Prompt:
When the line with "Secret Sea Classic Stampin' Pad [165285]" turns up below, begin repeating exactly, and carry on through the line with "Sitting room details"; no pictures go into the copy.

** Information provided follows **

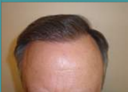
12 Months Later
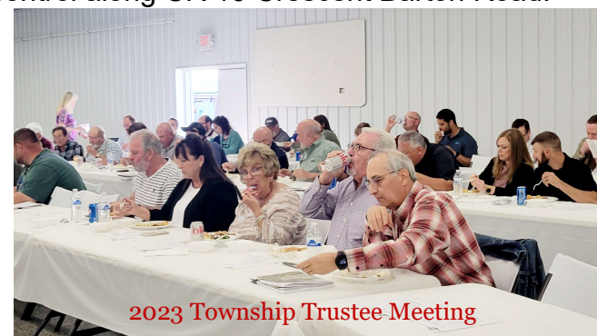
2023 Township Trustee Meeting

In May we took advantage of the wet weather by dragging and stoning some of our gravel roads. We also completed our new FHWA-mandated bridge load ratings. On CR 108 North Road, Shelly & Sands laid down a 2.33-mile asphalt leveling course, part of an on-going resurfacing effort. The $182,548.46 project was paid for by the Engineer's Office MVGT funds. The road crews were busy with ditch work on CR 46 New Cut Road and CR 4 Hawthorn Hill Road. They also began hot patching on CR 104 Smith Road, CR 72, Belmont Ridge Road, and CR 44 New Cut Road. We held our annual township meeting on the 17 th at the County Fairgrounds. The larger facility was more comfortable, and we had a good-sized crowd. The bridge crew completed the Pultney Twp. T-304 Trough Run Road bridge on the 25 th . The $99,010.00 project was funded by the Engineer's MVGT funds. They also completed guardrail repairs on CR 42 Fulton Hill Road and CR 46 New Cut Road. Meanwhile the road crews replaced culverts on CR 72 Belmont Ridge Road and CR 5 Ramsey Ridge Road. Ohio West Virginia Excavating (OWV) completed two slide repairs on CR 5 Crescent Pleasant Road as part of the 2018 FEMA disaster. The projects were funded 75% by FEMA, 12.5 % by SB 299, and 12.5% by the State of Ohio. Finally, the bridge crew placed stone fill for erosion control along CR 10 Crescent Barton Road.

** End of Information provided **
** Information provided follows **

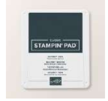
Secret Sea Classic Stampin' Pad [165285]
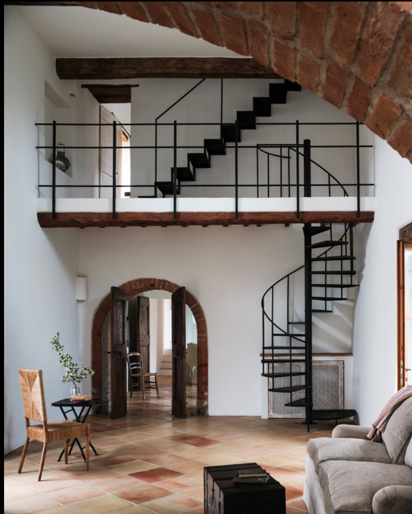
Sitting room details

** End of Information provided **

Answer section:
Secret Sea Classic Stampin' Pad [165285]
Sitting room details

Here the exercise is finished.